───── Information provided ─────
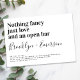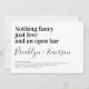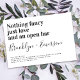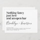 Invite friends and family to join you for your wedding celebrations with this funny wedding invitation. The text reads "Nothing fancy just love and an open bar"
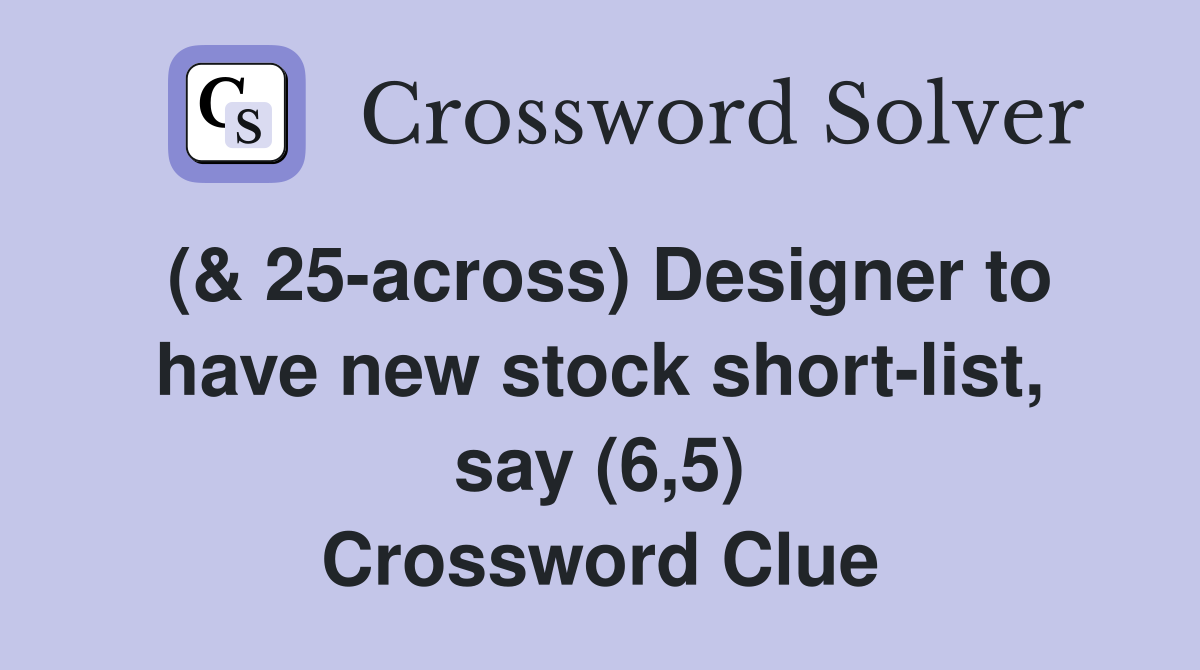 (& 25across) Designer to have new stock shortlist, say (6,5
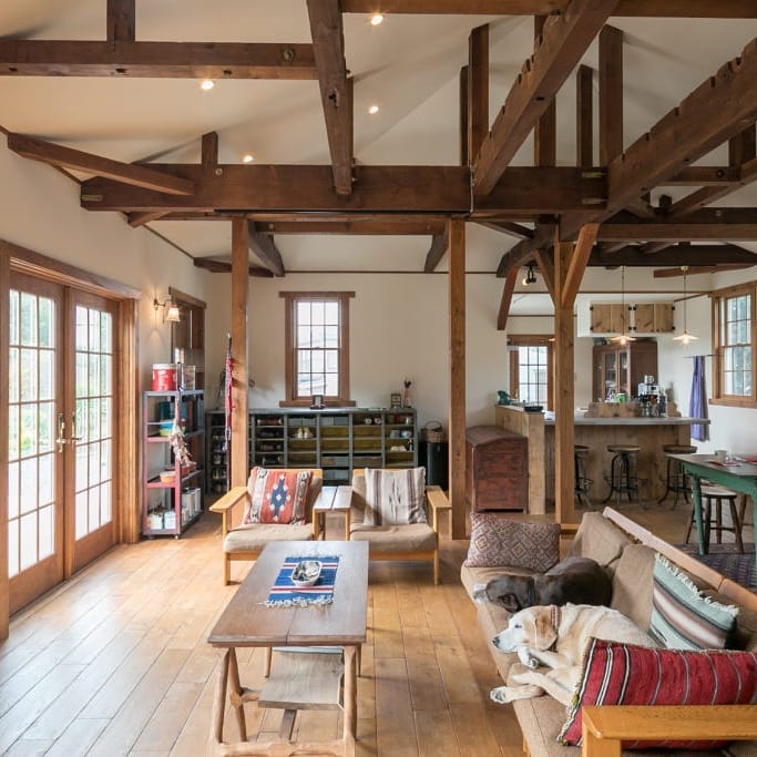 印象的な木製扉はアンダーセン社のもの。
─────
What the task requires » The reply should consist of the listing restated word for word, with its pictures removed.

Result of the task »
 Invite friends and family to join you for your wedding celebrations with this funny wedding invitation. The text reads "Nothing fancy just love and an open bar"
 (& 25across) Designer to have new stock shortlist, say (6,5
 印象的な木製扉はアンダーセン社のもの。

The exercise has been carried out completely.